Comparative analysis of neuroblastoma: DNA methylation and histone modifications

Aberrant hyper- and hypomethylation are considered crucial steps leading to cancer development and progression in most of the cancers, including neuroblastoma, a childhood tumor derived from sympathetic nervous system cells. DNA methylation changes in neuroblastoma affecting gene expression have been previously described to be essential in regulatory regions. The aim of our study is to characterize the epigenetic profile of the known regulatory regions in neuroblastoma and to understand the relationship between DNA methylation changes, histone modifications and their effect on gene expression.
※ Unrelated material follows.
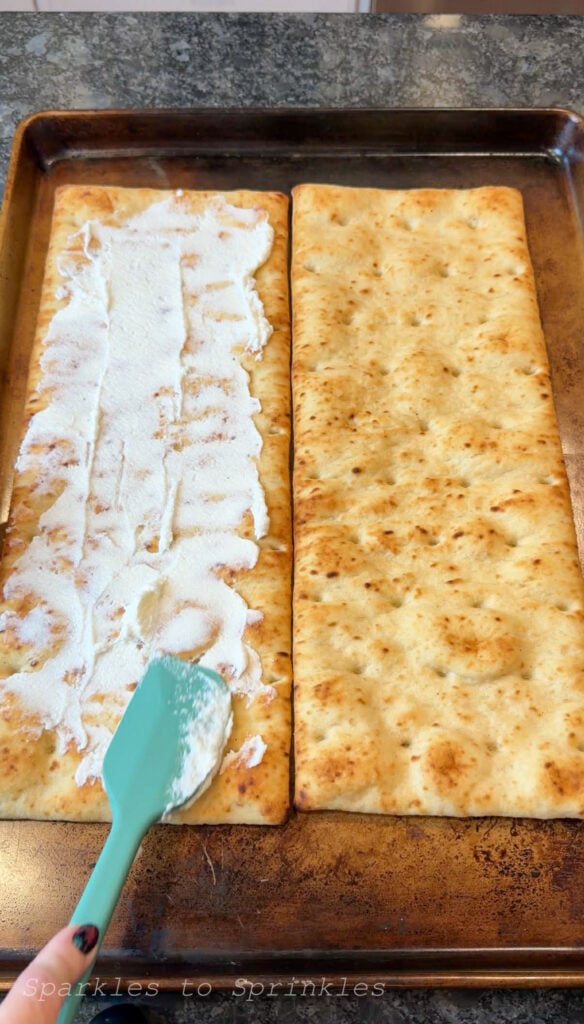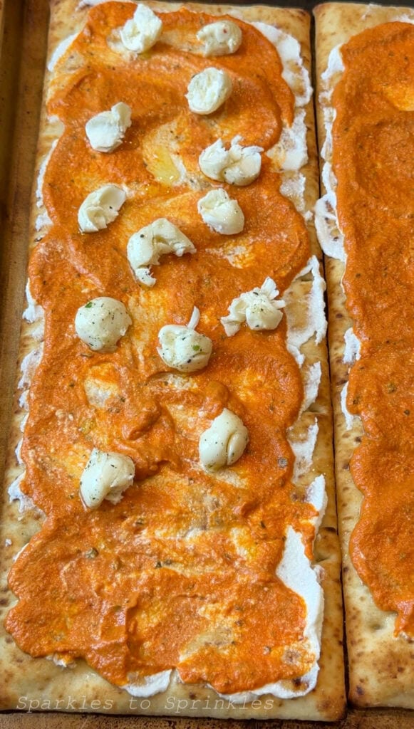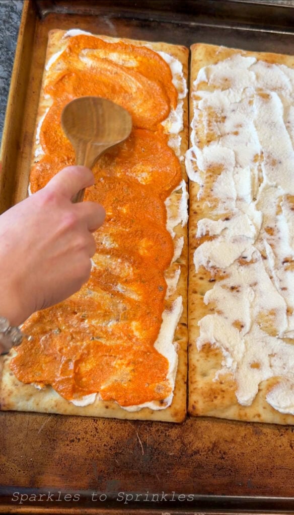 Place both pizza crusts on a baking sheet. Spread the garlic spread dip evenly over each crust. I used the full container divided between the two crusts.
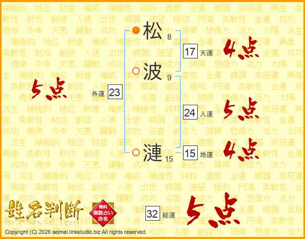松波漣さんの総運は32画の5点!

We analyzed the DNA methylation of eight neuroblastoma cell lines using high-density microarrays and MBD-seq public data. Six of them showed differential methylation in promoters as well as in intragenic and intergenic regions such as enhancers and super-enhancers. We identified 46 genes with hypomethylation of intragenic and promoter regions in neuroblastoma, which also demostrated overexpression. This group of genes is enriched for the genes with high-CpG-density promoters (HCP) bearing histone H3 dimethylation mark at K4 (H3K4me2) and trimethylation mark at K27 (H3K27me3) in neural precursor cells (NPC). Within this group we established that CASZ1 (castor zinc finger 1), RAP1GAP2 (RAP1 GTPase activating protein 2), ACTN2 (actinin, alpha 2) showed hypomethylation of intragenic, promoter, and intergenic regulatory region at the same time.

These genes are also known to be overexpressed in various types of human cancers. To understand the possible correlation between DNA differentially methylated regions with histone modifications in neuroblastoma further analysis of ChIP-seq data for histone profiles (H3K4me3, H3K27ac, and H327me3 marks) is needed.